尽管接受了抗逆转录病毒疗法(ART),人类免疫缺陷病毒感染者(PWH)发生炎症合并症的风险仍会增加,包括心血管疾病。肠道上皮损伤以及细菌脂多糖(LPS)或真菌β-d-葡聚糖(BDG)的易位会引发接受ART治疗的PWH体内的炎症。在本研究中,我们调查了肠道损伤和微生物易位标志物是否与无症状的接受ART治疗的PWH的心血管风险相关。
我们对来自加拿大HIV与衰老队列的93名接受ART治疗的PWH和52名40岁以上未感染对照者的血浆进行了横断面分析。参与者无心血管疾病,并接受了心脏计算机断层扫描(CT)以测量冠状动脉粥样硬化斑块总体积(TPV)。通过酶联免疫吸附测定法测量细菌LPS和肠道损伤标志物REG3α及I-FABP的水平。使用Fungitell测定法分析真菌BDG水平。
在患有冠状动脉斑块的接受ART治疗的PWH中,β-d-葡聚糖水平显著升高,而LPS水平未显著升高(P = 0.0007)。
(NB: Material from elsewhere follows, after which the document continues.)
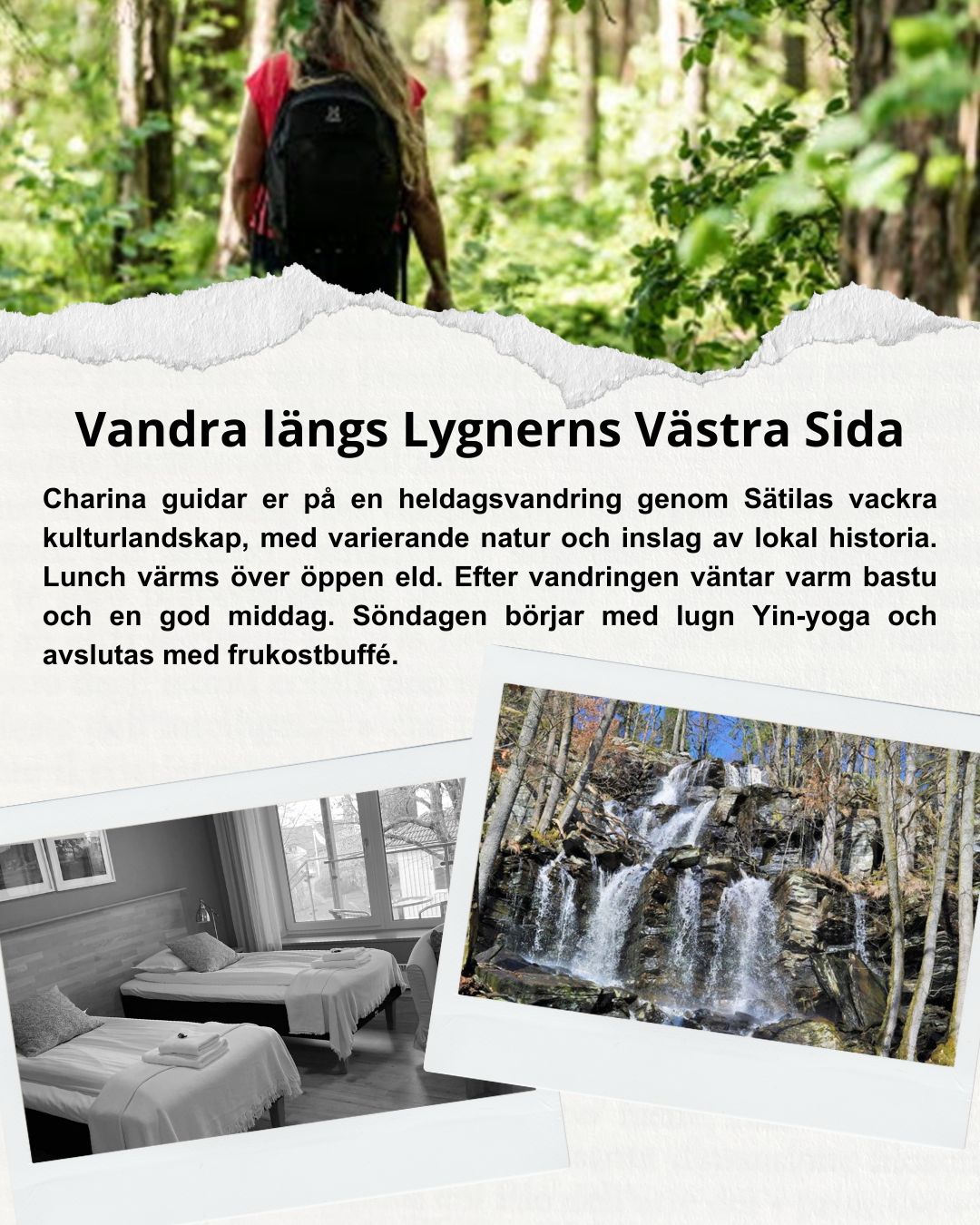 Vi erbjuder ett trivsamt boende med närhet till flera vandringsleder i olika svårighetsgrad, perfekt för både nybörjare och vana vandrare. Utforska ett av de många naturreservaten i området eller boka in vårt populära Fredagsmys – en kväll med god mat, gemenskap och rofylld stämning.

此外,BDG水平而非LPS水平与TPV相关(r = 0.26,P = 0.01)。肠道脂肪酸结合蛋白(I-FABP)水平而非REG-3α水平与TPV相关(r = 0.23,P = = 0.03)。然而,在有斑块的未感染对照者中,BDG和LPS水平并未升高。在多变量模型中,BDG水平升高与PWH中冠状动脉粥样硬化的存在独立相关,但与未感染对照者无关。
在接受ART治疗的PWH中,真菌BDG的易位与通过CT扫描成像评估的冠状动脉粥样硬化相关,提示存在一条导致心血管疾病的人类免疫缺陷病毒特异性途径。需要进一步研究以评估这种关联的因果关系。真菌产物的易位可能是预防接受ART治疗的PWH发生心血管疾病的一个治疗靶点。真菌产物β-D-葡聚糖的血浆水平而非细菌产物脂多糖的血浆水平,与接受抗逆转录病毒治疗的HIV感染者亚临床冠状动脉粥样硬化斑块的存在及大小相关,且独立于经典心血管危险因素。